## [Data for the task]
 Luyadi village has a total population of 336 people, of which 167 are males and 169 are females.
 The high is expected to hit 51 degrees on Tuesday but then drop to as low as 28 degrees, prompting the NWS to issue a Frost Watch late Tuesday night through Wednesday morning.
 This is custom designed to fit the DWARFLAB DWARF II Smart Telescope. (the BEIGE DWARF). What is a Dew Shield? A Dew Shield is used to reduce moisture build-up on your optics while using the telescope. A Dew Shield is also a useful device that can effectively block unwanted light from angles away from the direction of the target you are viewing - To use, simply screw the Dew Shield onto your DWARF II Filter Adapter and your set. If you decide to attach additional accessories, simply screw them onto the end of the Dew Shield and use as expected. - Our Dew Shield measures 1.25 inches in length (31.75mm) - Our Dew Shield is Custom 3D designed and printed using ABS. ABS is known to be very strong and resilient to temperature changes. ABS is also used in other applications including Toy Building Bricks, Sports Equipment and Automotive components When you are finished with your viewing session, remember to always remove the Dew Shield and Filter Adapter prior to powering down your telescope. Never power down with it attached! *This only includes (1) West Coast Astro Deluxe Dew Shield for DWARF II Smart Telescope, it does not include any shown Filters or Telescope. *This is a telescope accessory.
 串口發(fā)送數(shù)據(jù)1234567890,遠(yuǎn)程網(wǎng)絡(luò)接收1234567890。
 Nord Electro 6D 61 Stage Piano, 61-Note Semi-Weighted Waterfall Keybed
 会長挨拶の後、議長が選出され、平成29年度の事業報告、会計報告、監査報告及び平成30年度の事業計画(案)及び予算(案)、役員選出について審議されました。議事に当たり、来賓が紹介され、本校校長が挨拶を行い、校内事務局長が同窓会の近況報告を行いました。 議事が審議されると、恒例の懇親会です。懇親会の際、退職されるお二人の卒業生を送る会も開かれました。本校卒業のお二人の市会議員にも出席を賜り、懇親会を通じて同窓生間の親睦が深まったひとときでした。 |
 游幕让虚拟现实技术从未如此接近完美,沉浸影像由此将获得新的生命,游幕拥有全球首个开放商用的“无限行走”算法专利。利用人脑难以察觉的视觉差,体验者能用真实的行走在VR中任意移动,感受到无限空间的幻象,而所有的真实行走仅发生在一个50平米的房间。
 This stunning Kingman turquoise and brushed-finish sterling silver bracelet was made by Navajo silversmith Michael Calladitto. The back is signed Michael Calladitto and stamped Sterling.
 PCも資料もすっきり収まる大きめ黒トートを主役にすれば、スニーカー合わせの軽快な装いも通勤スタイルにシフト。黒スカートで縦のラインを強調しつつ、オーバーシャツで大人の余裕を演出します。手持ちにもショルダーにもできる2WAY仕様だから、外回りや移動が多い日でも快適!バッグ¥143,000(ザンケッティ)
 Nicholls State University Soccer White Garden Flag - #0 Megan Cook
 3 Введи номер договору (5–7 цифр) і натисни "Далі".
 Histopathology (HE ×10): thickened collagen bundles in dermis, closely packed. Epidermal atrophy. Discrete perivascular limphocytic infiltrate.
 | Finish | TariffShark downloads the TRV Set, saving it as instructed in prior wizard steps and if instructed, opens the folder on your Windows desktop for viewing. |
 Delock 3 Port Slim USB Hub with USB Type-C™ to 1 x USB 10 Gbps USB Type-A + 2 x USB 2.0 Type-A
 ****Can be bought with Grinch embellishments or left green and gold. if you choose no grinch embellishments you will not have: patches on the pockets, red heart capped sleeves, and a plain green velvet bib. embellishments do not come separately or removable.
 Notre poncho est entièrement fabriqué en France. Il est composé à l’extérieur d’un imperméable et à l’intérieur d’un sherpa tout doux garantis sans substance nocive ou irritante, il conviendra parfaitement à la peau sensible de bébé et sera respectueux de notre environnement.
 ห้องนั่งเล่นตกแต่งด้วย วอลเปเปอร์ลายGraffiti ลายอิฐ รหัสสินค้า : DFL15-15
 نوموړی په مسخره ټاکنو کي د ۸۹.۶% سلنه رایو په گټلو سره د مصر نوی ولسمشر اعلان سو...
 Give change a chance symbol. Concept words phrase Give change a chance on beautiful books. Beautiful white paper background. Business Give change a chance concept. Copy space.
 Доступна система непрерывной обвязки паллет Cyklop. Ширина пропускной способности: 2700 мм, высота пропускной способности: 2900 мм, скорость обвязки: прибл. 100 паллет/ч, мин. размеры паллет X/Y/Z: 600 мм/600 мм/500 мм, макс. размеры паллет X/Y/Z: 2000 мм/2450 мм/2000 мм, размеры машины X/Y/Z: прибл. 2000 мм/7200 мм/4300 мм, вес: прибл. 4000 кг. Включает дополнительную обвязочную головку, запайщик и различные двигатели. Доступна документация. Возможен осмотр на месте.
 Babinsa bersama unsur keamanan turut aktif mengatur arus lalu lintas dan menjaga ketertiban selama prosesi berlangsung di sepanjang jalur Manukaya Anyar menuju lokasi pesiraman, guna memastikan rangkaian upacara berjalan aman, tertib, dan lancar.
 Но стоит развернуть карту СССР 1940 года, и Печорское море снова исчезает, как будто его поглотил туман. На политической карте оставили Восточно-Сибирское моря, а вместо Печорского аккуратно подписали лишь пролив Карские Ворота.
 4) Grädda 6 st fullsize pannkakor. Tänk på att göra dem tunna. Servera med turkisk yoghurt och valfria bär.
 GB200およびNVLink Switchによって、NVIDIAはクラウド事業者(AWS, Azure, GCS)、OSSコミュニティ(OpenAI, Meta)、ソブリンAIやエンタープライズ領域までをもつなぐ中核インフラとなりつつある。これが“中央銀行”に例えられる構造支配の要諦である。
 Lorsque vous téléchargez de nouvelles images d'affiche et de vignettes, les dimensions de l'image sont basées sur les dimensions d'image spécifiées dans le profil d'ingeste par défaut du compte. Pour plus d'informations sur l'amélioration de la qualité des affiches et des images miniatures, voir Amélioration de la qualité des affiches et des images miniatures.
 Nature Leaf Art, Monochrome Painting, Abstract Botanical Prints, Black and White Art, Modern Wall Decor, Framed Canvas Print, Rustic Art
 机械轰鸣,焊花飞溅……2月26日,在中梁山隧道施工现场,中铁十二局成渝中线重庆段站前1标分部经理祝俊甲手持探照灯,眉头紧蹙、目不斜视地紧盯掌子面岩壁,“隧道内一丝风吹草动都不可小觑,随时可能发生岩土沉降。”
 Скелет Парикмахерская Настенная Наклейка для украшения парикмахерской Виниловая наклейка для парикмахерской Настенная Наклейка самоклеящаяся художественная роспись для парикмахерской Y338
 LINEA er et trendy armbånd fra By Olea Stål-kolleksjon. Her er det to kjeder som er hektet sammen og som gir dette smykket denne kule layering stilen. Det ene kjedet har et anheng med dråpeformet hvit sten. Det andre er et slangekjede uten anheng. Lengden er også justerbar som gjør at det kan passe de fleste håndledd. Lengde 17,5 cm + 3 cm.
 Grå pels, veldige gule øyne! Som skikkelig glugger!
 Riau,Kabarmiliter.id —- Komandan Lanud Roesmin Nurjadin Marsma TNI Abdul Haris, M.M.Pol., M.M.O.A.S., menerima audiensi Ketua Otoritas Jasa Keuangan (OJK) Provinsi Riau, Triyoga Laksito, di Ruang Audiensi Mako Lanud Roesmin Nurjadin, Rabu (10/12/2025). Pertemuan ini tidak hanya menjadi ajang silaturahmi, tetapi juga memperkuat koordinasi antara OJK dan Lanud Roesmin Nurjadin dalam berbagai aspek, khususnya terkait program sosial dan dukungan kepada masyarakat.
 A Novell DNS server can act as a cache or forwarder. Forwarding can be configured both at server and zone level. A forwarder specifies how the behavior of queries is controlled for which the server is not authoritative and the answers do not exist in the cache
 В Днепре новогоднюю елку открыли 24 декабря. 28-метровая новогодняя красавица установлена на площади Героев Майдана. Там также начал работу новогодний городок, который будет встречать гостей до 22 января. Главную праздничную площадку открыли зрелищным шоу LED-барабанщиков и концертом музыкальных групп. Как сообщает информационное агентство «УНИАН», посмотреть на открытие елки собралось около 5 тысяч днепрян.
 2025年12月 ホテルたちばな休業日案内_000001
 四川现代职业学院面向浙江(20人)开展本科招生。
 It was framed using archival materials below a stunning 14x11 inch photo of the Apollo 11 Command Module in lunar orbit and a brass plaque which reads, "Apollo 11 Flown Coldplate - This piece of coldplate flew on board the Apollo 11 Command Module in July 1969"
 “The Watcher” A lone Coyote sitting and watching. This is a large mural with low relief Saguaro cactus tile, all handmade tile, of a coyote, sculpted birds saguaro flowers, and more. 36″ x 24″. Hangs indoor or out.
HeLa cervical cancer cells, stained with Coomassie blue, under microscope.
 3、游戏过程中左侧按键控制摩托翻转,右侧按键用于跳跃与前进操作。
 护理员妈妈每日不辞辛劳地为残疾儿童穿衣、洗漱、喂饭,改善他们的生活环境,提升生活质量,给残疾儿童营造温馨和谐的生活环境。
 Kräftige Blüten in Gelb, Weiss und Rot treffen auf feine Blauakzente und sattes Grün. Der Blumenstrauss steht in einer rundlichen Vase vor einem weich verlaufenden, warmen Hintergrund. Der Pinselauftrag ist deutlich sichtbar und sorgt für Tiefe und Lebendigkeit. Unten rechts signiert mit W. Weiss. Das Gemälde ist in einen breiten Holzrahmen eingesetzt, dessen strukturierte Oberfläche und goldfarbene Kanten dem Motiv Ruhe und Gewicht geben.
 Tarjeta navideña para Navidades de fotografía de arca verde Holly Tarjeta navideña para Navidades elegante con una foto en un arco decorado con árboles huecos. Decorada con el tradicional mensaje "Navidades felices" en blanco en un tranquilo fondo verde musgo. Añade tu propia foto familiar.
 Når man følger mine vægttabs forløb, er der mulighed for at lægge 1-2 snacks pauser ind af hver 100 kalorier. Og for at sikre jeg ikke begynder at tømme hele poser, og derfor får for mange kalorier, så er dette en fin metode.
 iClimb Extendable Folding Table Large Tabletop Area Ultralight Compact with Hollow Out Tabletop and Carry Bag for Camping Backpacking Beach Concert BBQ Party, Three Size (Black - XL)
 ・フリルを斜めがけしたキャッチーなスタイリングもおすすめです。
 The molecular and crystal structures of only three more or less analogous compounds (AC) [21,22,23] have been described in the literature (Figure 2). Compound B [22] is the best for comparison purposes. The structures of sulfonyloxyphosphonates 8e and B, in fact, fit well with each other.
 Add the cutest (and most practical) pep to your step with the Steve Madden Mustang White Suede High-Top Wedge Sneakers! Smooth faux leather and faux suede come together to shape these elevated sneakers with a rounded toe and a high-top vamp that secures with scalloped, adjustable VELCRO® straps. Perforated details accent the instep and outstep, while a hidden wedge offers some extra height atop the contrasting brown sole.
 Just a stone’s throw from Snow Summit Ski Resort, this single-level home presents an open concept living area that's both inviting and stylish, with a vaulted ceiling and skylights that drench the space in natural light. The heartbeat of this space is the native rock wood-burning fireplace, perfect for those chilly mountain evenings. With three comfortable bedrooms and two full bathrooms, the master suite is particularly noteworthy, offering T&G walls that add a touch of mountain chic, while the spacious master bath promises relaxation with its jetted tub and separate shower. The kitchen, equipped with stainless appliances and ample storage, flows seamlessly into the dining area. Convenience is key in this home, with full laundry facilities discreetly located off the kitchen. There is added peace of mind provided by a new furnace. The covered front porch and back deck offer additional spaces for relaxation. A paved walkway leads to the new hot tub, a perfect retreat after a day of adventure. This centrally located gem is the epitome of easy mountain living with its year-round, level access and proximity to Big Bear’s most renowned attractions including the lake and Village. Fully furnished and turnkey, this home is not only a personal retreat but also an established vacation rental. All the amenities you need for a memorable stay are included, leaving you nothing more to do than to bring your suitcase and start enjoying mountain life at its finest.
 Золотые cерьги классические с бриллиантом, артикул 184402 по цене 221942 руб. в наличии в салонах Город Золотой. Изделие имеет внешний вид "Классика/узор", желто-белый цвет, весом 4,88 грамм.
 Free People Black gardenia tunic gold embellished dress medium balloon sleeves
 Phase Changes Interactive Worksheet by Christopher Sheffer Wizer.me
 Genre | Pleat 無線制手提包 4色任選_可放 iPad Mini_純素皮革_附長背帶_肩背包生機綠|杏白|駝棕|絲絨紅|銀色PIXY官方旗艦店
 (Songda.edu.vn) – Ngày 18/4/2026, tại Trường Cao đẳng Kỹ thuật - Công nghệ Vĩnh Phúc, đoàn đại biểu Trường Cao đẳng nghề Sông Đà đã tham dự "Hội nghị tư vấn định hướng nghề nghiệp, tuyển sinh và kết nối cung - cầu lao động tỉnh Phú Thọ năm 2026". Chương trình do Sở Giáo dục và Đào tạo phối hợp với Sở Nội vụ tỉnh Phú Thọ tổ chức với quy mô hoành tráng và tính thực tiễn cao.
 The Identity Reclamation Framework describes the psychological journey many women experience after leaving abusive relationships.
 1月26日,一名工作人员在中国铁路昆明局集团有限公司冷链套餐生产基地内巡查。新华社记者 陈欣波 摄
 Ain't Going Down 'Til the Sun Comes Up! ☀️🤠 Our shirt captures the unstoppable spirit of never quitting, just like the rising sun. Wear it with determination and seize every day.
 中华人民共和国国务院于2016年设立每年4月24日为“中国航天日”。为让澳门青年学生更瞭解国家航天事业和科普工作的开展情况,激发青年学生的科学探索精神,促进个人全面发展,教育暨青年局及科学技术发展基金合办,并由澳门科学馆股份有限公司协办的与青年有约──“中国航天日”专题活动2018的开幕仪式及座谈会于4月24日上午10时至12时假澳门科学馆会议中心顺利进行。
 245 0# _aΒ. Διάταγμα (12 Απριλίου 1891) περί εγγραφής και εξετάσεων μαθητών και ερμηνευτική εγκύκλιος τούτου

## [Goal of the exercise]
Please make an exact copy of the lines above from the line with "(Songda.edu.vn) – Ngày" through the line with "中华人民共和国国务院于201", both ends included.

## [Expected answer]
 (Songda.edu.vn) – Ngày 18/4/2026, tại Trường Cao đẳng Kỹ thuật - Công nghệ Vĩnh Phúc, đoàn đại biểu Trường Cao đẳng nghề Sông Đà đã tham dự "Hội nghị tư vấn định hướng nghề nghiệp, tuyển sinh và kết nối cung - cầu lao động tỉnh Phú Thọ năm 2026". Chương trình do Sở Giáo dục và Đào tạo phối hợp với Sở Nội vụ tỉnh Phú Thọ tổ chức với quy mô hoành tráng và tính thực tiễn cao.
 The Identity Reclamation Framework describes the psychological journey many women experience after leaving abusive relationships.
 1月26日,一名工作人员在中国铁路昆明局集团有限公司冷链套餐生产基地内巡查。新华社记者 陈欣波 摄
 Ain't Going Down 'Til the Sun Comes Up! ☀️🤠 Our shirt captures the unstoppable spirit of never quitting, just like the rising sun. Wear it with determination and seize every day.
 中华人民共和国国务院于2016年设立每年4月24日为“中国航天日”。为让澳门青年学生更瞭解国家航天事业和科普工作的开展情况,激发青年学生的科学探索精神,促进个人全面发展,教育暨青年局及科学技术发展基金合办,并由澳门科学馆股份有限公司协办的与青年有约──“中国航天日”专题活动2018的开幕仪式及座谈会于4月24日上午10时至12时假澳门科学馆会议中心顺利进行。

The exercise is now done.